Public Relations Interview Paper Assignment

Social Media Education Trend

Out: Requiring students to sign up for various social media accounts (e.g., Twitter, delicious, PR Open Mic, LinkedIn) and jump through required hoops for participation (e.g., friend this many people, tweet this many times).

In: Designing a flexible assignment that enables students to create their own social media plans.

Inspired by Karen Russell’s experiment, Donna Davis, Kelli Matthews and I decided to try something new in our J452 classes this winter: a choose your own adventure PR plan.

This project enables students to choose the learning activities that would be most meaningful to them. My version of the project is below. Educators, students and practitioners, your feedback and ideas are welcome. As with any first assignment, I’m confident that opportunities for improvement will be discovered as we go.

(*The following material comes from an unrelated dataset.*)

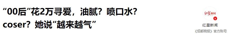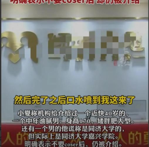 信息来源:“《成都商报》官方账号”——(23岁女研究生花2万寻爱要求为175+不胖不瘦 最多大五六岁婚恋公司却为其介绍40岁身高170的肥胖男性明确表示不要coser后却仍被介绍)

Personal Public Relations Plan and Report
You will create and implement a personal public relations plan that is tailored to your interests and then update the plan by putting it in the past tense and by reporting your results at the end of the quarter.

You will never be required to publicly participate on the Internet in our class. You can design private goals if you would like. Feel free to see me for help.

You only need to write one of each item, provided that your plan takes on a meaningful amount of growth. You will likely have multiple items in at least some of the areas.

The plan has to include at least one social media component, and it can include offline components as well.

The goal is a generalized statement that begins with the word “to.”

In the goal area, state what you would like to achieve.

Each objective must reflect the following guidelines:

  • Specify one outcome (only tackle one outcome at a time)
  • Be measurable (will you realistically be able to measure the objective you have written when you get to the evaluation component of this plan?)
  • Be obtainable and a meaningful achievement
  • Refer to what will be done rather than how it will be done
  • Include a date by which the objective will be accomplished

The deadlines for your objectives can be any time between March 3 and four months after your graduation.

Your strategies broadly explain how you plan to accomplish your objectives.

The tactics explain the details of the strategies. Depending on your plan, you might want to consider these items:

  • delicious (enables you to save useful blog posts for quick reference prior to a job interview and as an employee, helps you position yourself as a content expert because you can quickly reference information on the topics important to you, helps you compensate for areas you don’t know as well by saving information you expect you’ll need as an employee)
  • Google Alert (notifies you of when your name is mentioned on the Internet, so you can listen and respond when people write about you)
  • Google Reader (allows you to subscribe to potential employers and thought leaders in PR, including experts in your area of specialization, and engage with them in conversation)
  • LinkedIn (expands your digital footprint, enables you to see if you have indirect connections to people you want to work for, so you can leverage your connections)
  • Twitter (expands your digital footprint, helps you position yourself as a content expert by listening to others and by tweeting regularly on a particular subject, allows you to network with potential employers by engaging in conversations with them and retweeting some of their tweets and blog posts, also helps you network by participating in relevant hashtags and live chats – specify which ones if you use this in your plan)
  • Blog posts (expands your digital footprint, helps you position yourself as a content expert by blogging regularly about a particular subject)
  • Blog comments (expands your digital footprint, drives traffic to your blog, enables you to network with industry leaders and potential employers)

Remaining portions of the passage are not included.